# TBX-B&D Elite Series



## go ike (Feb 13, 2013)

I am running a new elite division for Teambassxtreme...Its the B&D Division...it rotates between Buckeye Lake and Dillon Reservoir...memberships are now open...you can access it thru the TBX webpage...hope to see you on the water...first tournament is March 30 at Buckeye Lake

Chad Mickey


----------



## go ike (Feb 13, 2013)

We have about 33 days til the first B&D elite series tournament on Buckeye Lake...lets get those membership #'s up!!! March 30th Buckeye Lake...State Route 79 ramp.


----------



## go ike (Feb 13, 2013)

23 days til the first tourny at Buckeye Lake...I want to get as many anglers as possible...especially from the Muskingum County and Perry County...if you have any questions check out teambassxtreme.com or contact me Chad Mickey @614-506-4820.


----------



## go ike (Feb 13, 2013)

17 days....


----------



## dillon basser (Feb 1, 2011)

Will the fish off for the b&d at the end of the year be between the guys in this series or are you going to lump all the winners from each divison winners togeather and fish some far away lake, like rocky fork, lake eriee or tappan?


----------



## Phil Carver (Apr 5, 2004)

The top 40% from each division will advance to the same fish off.

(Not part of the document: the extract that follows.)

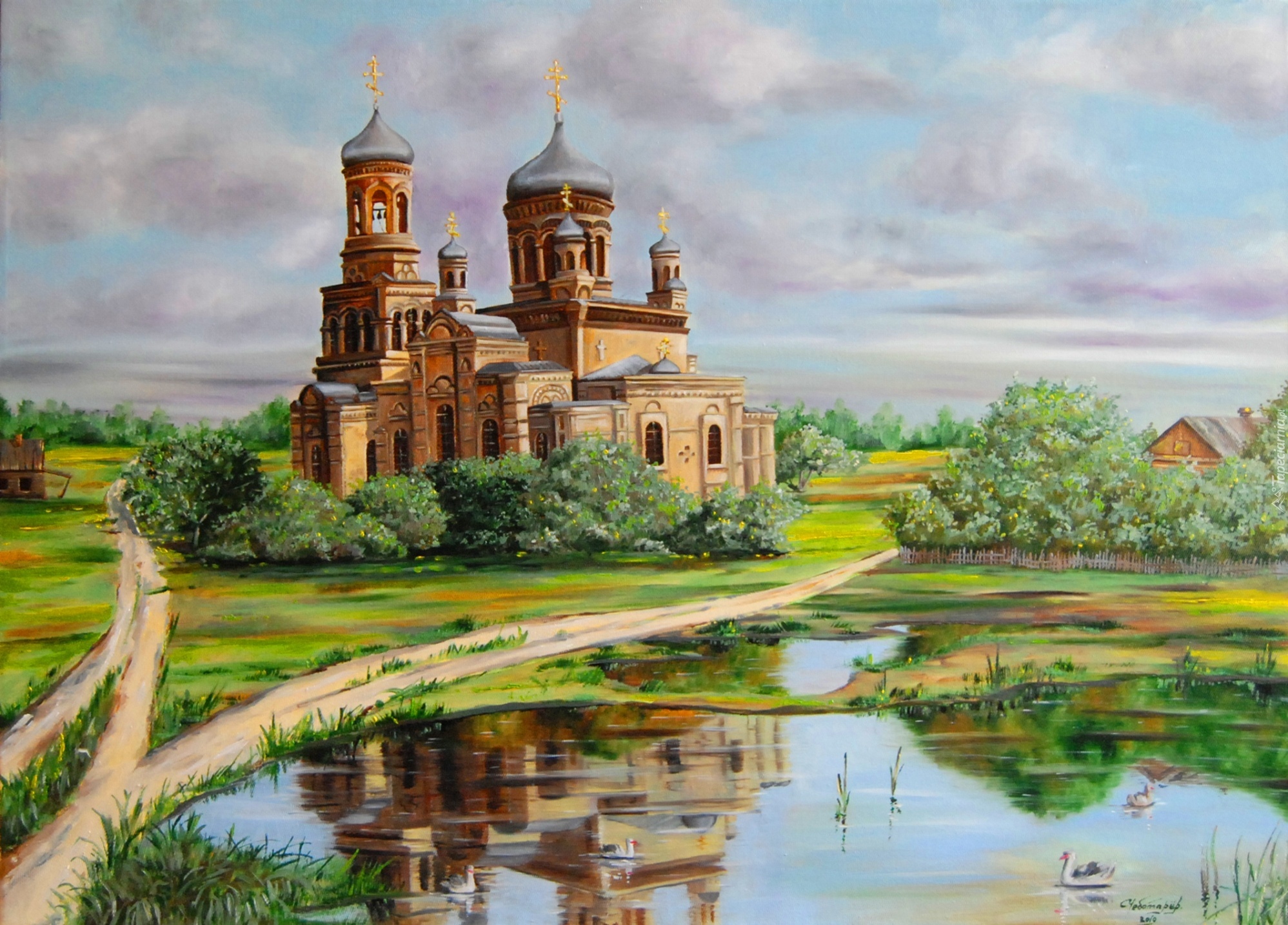 Edytor tapety: Kościół, Cerkiew, Dróżki, Staw, Odbicie

The location is still in the works.


----------



## go ike (Feb 13, 2013)

8 days left...get those memberships and fees paid...you don't want to be hit with a surcharge...see you next Saturday.


----------



## go ike (Feb 13, 2013)

4 days left...water level still pretty low and no courtesy docks are out but we are ready to go...see everyone on saturday morning!!


----------